Roesy chose to close the album with the extraordinarily gentle and comforting song, ‘Don’t Be Afraid’. I ask him who’s saying these words.
“Well, it’s funny, that,” he says, “because it’s me saying it to a friend who was having a hard time. But it’s like I’m saying it to all my friends, to all the people. You know that saying, a problem shared is a problem halved. And that’s all it is, pure and simple – saying ‘I’ve been there, too’.
“And as soon as you talk about it or go looking to resolve something, you find that people come into your life who will help you. So that song is everybody saying to one another, ‘Don’t be afraid when you’re lost or on the shade.’ It caps off the whole album.”
Contemplation seems to have given Roesy a good idea of where he’s coming from with his music. We turn to the wild explosion of colour – derived from particularly high quality spray paint, a new medium for Roesy – that covers the floor, three walls and the ceiling in a room in The Factory. The blues and reds and oranges are so vivid they seem translucent, giving the effect of stained glass.
“The art one is funny for me,” says Roesy. “I find that I can express myself and I know what I’m doing when I’m writing, and when I paint I don’t know what I’m doing, but it doesn’t really matter.”
Painting is a bit of a mystery to him, he says. “Stuff starts coming out as you start painting, and the more you paint, the more you see this pattern of something and you don’t know where it’s coming from, it just starts showing up all the time. I never really try to make sense of that. Like I’ve been painting birds for the last couple of years….”
Sure enough, there are birds all over the place, and the central focal point of the whole installation is a large bird in a human-like posture, standing with arms and hands outstretched – as though inviting an embrace – with large feathers for legs and, bizarrely, nipples and a belly-button on its torso.

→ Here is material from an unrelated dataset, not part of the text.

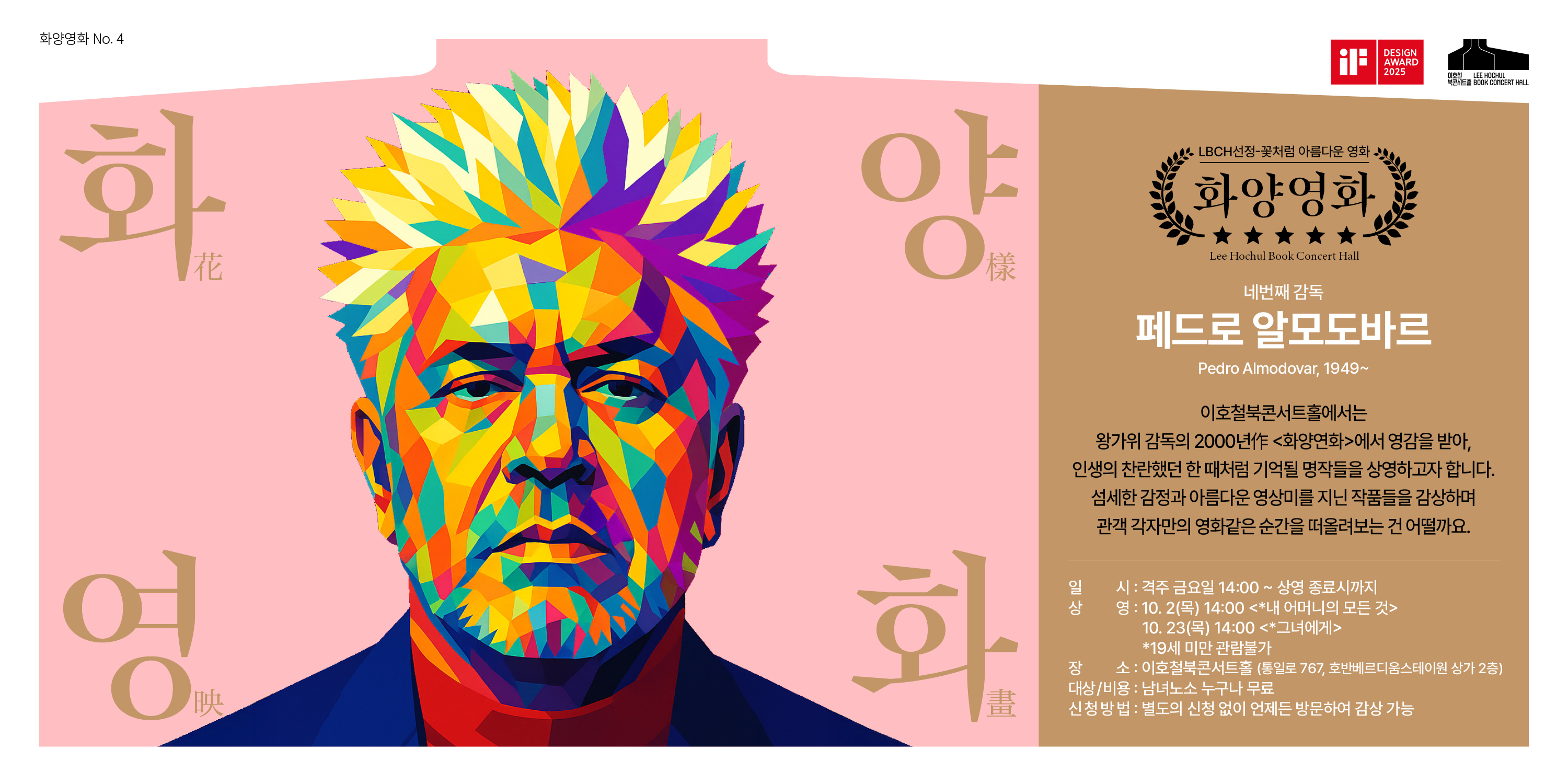 2025.10.11.안녕하세요. 화양영화 프로그램과 관련하여 상영 일정 변경을 안내드립니다. 당초 10.24.(금)으로 예정되어 있던 페드로 알모도바르 감독의 <그녀에게> 상영일이 행사 관련 대관 일정으로 인해 10.23.(목)으로 변경되었음을 알려드립니다. 관람 예정이신 분들께서는 일정 변경 사항을 확인하시어 관람에 착오 없으시길 바랍니다. 감사합니다.

Roesy explains why he finds birds such an inspiration.
“I had this thing in my head that birds, they’re so free, they’re a symbol of freedom”, he says. “But the thing about them as well, you can tend when you’re younger to mix up freedom with chaos – you think that being chaotic you’re being free. And I just got this lovely glimpse and analogy with birds, that they’re up at dawn when the sun comes up and they go to bed when the sun goes down – they follow natural laws, but they’re still free.
“That’s my admiration for them. And that’s why a lot of the birds I paint are half-man, half-bird. Because it’s like us trying to attain that balance, where freedom isn’t just fucking madness.”
Colour Me Colourful is Roesy’s third studio album after Sketch The Day, Paint The Night (2001) and Only Love Is Real (2003). Featuring beautiful backing vocals from Carol Keogh of Automata, and brilliantly produced by Ken McHugh, this latest record is the one that Roesy feels he’s always wanted to make, and he’s thrilled to be touring it right now.
“Doing gigs gives me total calm,” he says. “If I was to think about the fact that I’m standing on stage in front of a couple of hundred people, I’d be mortified. But when I get up on stage, I get out of the way and free myself so the music can just go through me, and with that attitude, I never get nervous.
“When you write a song, you do it from a certain place,” Roesy adds, “and when you sing it, you’re creating a bridge back to that same place. When you’re performing an album live, you’ve got twelve songs that were all written from their own place, and you spend an hour and 45 minutes going over all those bridges into all those different places again, and that’s what I really love.
“When I’m on stage, I feel like everything is graceful and it’s moving, there’s a flow,” says Roesy. “If you don’t interfere with it – if you don’t go out on the piss after it – a good gig can last you days. It’s like coming back from a good holiday.”